Useful tips: With large data, or data, where values are
limited to few integers, overlapping points may occur in a
scatterplot, which are not visible. A solution to this is to
use semitransparent point color. The number overlapping points
is then indicated by color intensity. Semitransparent color is
specified by parameter alpha in color-specifying function rgb,
e.g.
col=rgb(0.2,0.2,0.2,alpha=0.5) produces semitransparent grey.
Function scatterplot of car package provides many additional
functionalities for enhanced scatterplots like adding a
regression line, possibility to draw categorized scatterplots
(i.e. with different types of points), etc. However, its
default settings is not very nice.
My friend Pavel Fibich has also scripted a scatterplot
function which plots a scatterplot together with regression
line and its confidence intervals. It is called lmconf and is
available in IS (Study Materials/Learning
Materials/Rfunctions).
General tips for graph creation/adjustments in R
1. Exporting graphs is best done by saving them as separate
files. These files may be raster or vector graphics (see
e.g. here for explanation https://vector-
conversions.com/vectorizing/raster_vs_vector.html)

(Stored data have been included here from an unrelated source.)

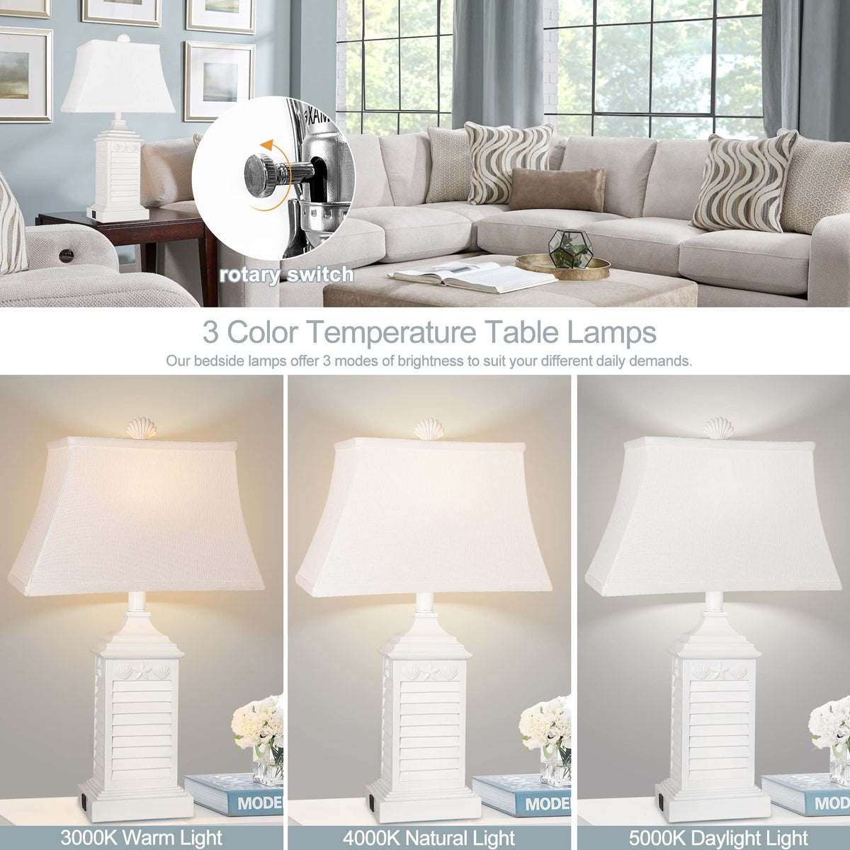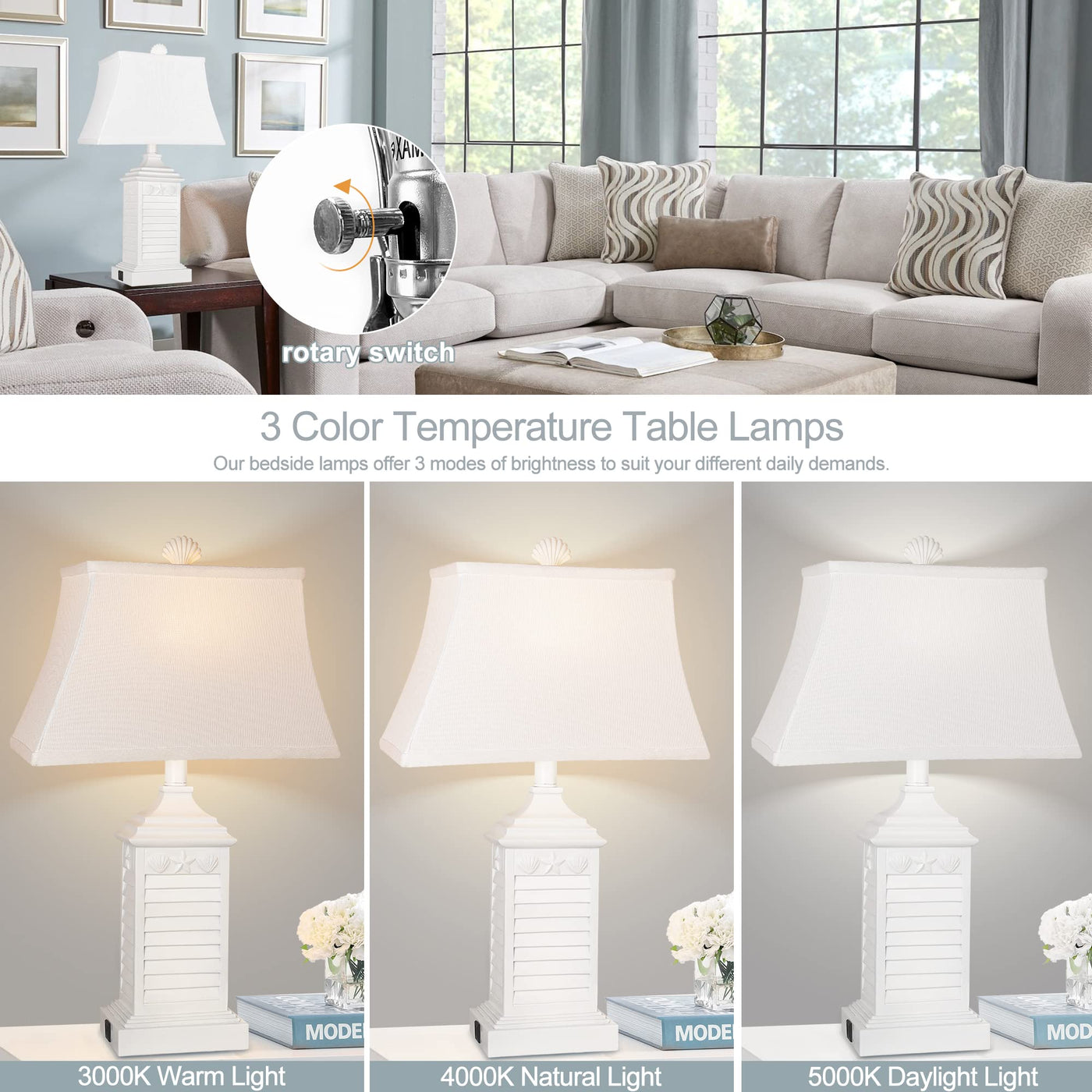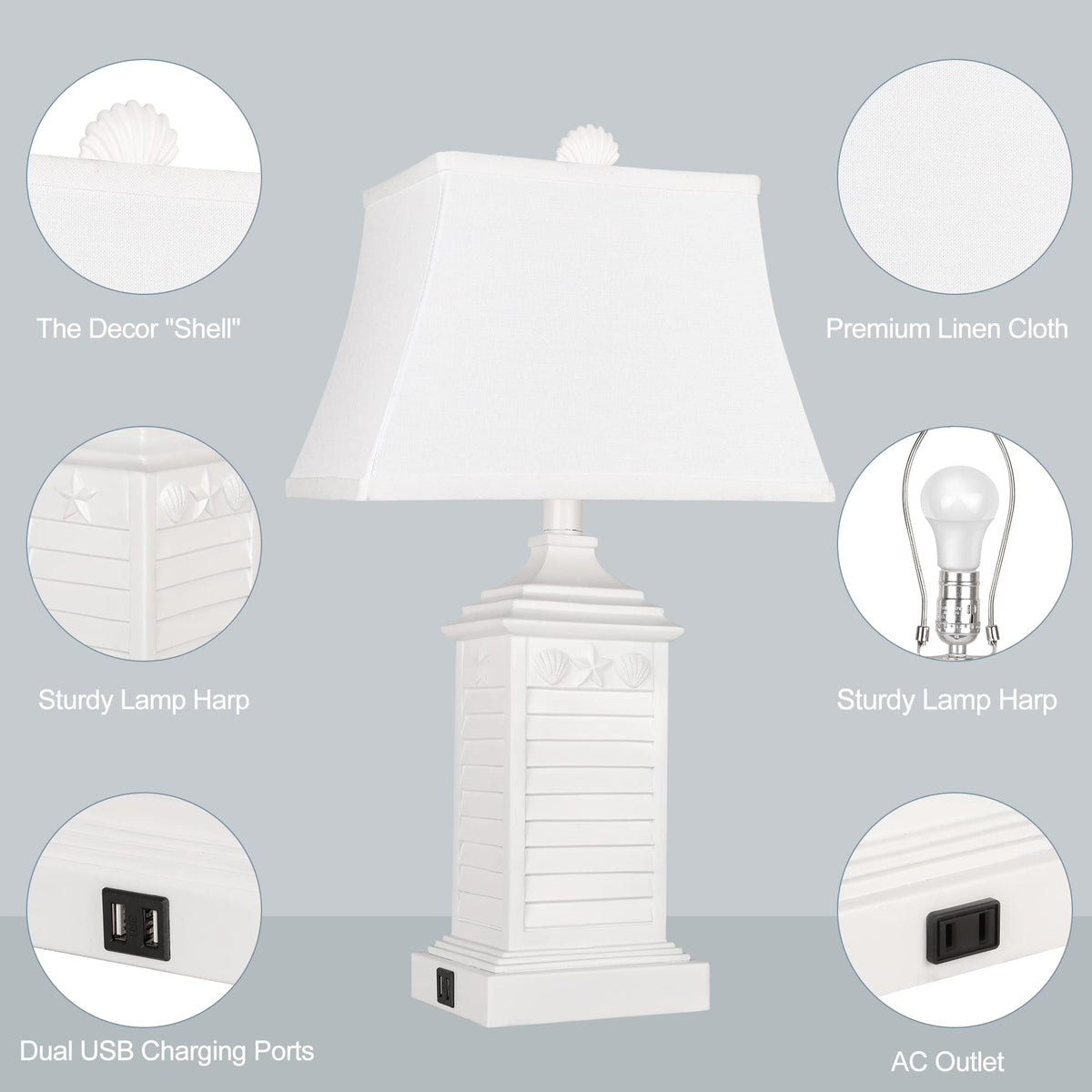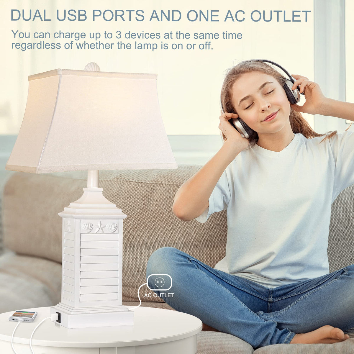 Hamucd Coastal White Table Lamps Set Of 2 With Usb Ports & Ac Outlet, Modern Resin Nightstand Lamps
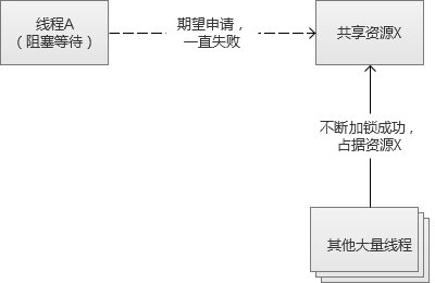 饿死现象(某个线程,一直获取不到它想要锁资源,永远无法执行下一步):
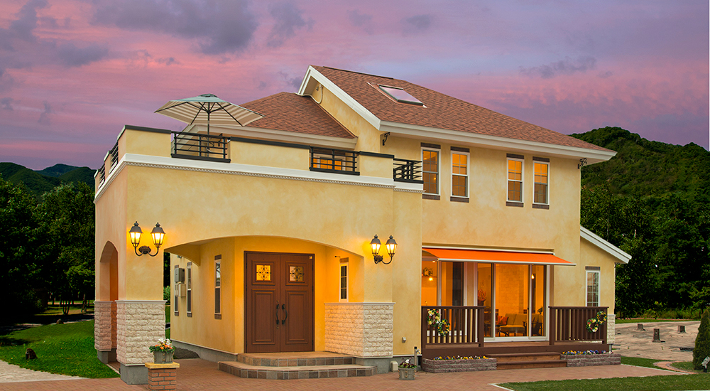 北海道マイホームセンター森林公園駅前会場に、エコアハウスの最新モデルハウス。 伝統様式にリゾートテイストを添えたデザインに、のびやかな広がりを感じさせる空間構成。 エコアハウスの最新モデルハウスは、太陽いっぱいの心地よい開放感と、自然環境に配慮したライフスタイルがテーマとなっている。
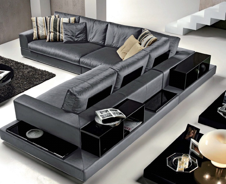Corner sofa My Way from the Italian manufacturer Formerin. The frame is made from solid wood. Upholstered in leather from the company portfolio. The legs are made of metal. Colors - black. The model is supplemented with comfortable shelves. The sofa is designed in modern style.
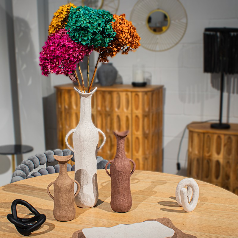 Jarrón C y Asas Aluminio 25Cm Beige
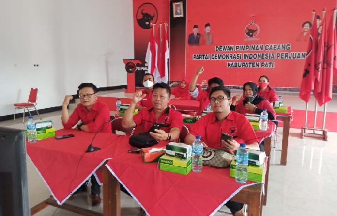 Kabupaten Pati – DPC PDI Perjuangan Kab. Pati mengikuti Webinar yang diadakan Badan Bantuan Hukum dan Advokasi Rakyat Pusat Partai Demokrasi Indonesia Perjuangan (BBHAR Pusat-PDI Perjuangan) via Zoom, Rabu (9/9/2020).
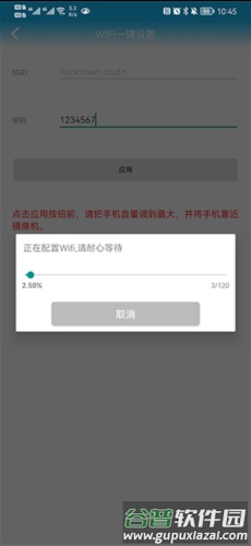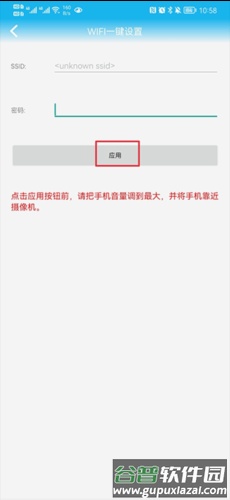 三、输入无线密码并点击应用,连接时请调高手机音量并靠近摄像头。
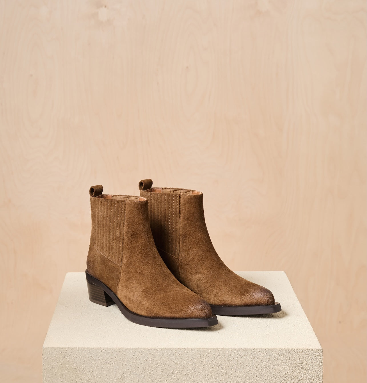 Montana Chelsea Boots are suede ankle boots in the classic Chelsea silhouette, featuring a slim profile and pointed toe for a sleek, refined look.

a. vectors: functions pdf, svg (svg can easily be postprocessed
in InkScape https://inkscape.org/).
b. rasters: functions png, jpg
c. general syntax is e.g.
pdf(“file.name.pdf”, width.in.inches,
height.in.inches)# In rasters, the width and height
are specified in pixels. In addition, raster
resolution (in dpi) can also be specified.
plot(x,y)
dev.off() # Closes the file and saves it to disk.
2. Graphical parameters are set by function par
a. ?par provides info on all graphical parameters used
also in other functions like plot
b. Parameter setting done by par affects the plot,
which is produced afterwards. e.g.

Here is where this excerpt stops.